He said the petitioners adhered to the stringent directives by the bench and have deposed and sworn affidavits to more than 11,000 pink sheets.

Mr Addison said the petitioners were also asked to provide further and better particulars which they stuck to, which had resulted in mislabelling.

He said it would be unfair for the bench to allow Mr Tsikata to spring a surprise on them by introducing a new pink sheet and a line of questioning which is palpably different to what the petitioners have answered to in their affidavits.

Mr Addison asked the bench if they have shifted from their earlier directives that it would set a bad precedence out of which would open the flood gates for all to introduce exhibits which are outside what have been tendered in evidence.

Mr Tsikata however insisted that the witness must be allowed to answer the question on the document.

He said they do not seek to be co-petitioners in the case but said there would be bad faith if results which went for the first respondent are annulled because of over voting and those that went in favour of the first petitioner are allowed to stand.

The Court rose for a period of five minutes for the judges to confer on the matter and gave their ruling.

After 30 minutes of deliberation, Mr Justice William Atuguba, the Presiding Judge who read the ruling said so far as the question objected to seek to portray that there were other pinks sheets with malpractices of the kind in respect of which the witness had testified that they should be annulled, the objection is over ruled.

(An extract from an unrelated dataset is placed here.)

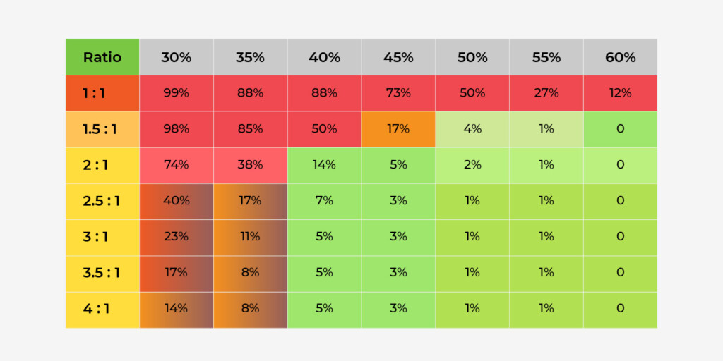 Quanto maior a proporção de take-profit para stop-loss, menor a probabilidade de fechar uma negociação com retorno. No entanto, uma boa estratégia tem uma relação ideal de retornos e perdas. Existem várias maneiras de atingir esse objetivo: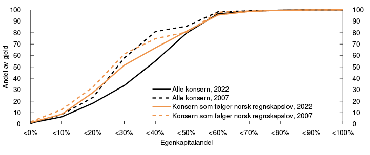 Siden 2007 har bokført egenkapital i næringseiendomskonsern økt, se sorte linjer i figur 3.B. Noe av denne økningen skyldes at flere næringseiendomsforetak har skrevet opp eiendomsverdiene til markedsverdi når de har gått fra norsk regnskapslov til IFRS som regnskapsstandard. Samtidig er en del av økningen i bokført egenkapital drevet av en bedring i faktisk soliditet. Det er illustrert ved at soliditeten i næringseiendomskonsern som benytter norsk regnskapslov, er bedre i 2022 enn i 2007, se oransje linjer i figur 3.B.

He however said beyond such composite question, the questioning cannot be allowed as much as the third respondent’s turn to testify along the line is yet to come.

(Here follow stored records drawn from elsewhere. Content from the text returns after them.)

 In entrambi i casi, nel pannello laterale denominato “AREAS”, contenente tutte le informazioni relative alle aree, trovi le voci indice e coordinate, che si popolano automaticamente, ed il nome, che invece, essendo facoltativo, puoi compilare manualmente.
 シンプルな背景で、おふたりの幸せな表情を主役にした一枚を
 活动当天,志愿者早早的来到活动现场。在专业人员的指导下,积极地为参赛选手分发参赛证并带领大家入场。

Earlier, the Supreme Court also overruled a similar objection raised by Mr Addison when Mr Tsikata sought to ask the witness to identify a document.

Mr Addison argued that witness cannot be allowed to identify a document that does not emanate from him.

He said the third respondent cannot spring a surprise by asking the witness to identify a document that is not before the court.

Mr Tsikata said the witness should be made to identify the document because it was not served on them.

He argued that the petitioners have brought pink sheet exhibits which results have been annulled in some polling stations over alleged irregularities and on the basis of that, they are asking the court to cancel results from other polling stations in which the petitioners are alleging there were violations of the electoral laws.

He said the witness in his affidavits indicated how his team checked some 24,000 pink sheets and so the respondents have every right to ask the witness questions pertaining to those pink sheets.

Mr Tsikata said is not about 11, 000 polling stations but about 26,000 polling stations and that the petitioners cannot seek to annul 55 per cent of votes for the first respondent and seeking only to annul 28 per cent of votes for the first petitioner.

He said if the witness led in evidence stated that checked over 24,000 polling station results, there is no way the court can entertain the petition without looking at the 26,000 polling station pink sheets.

He said the pink sheet is crucial to the testimony of the witness and must be allowed to be identified by the witness.

Mr Addison said the witness indeed checked 24,000 polling station results out of the 26,000 stations.

He argued that there is no evidence before the court that the pink sheet the counsel for the third respondent is asking the witness to identify is one that was perused out of the 24,000 polling stations adding that the witness cannot be made to identify such a document.

The court adjourned proceedings to tomorrow, Wednesday May 8.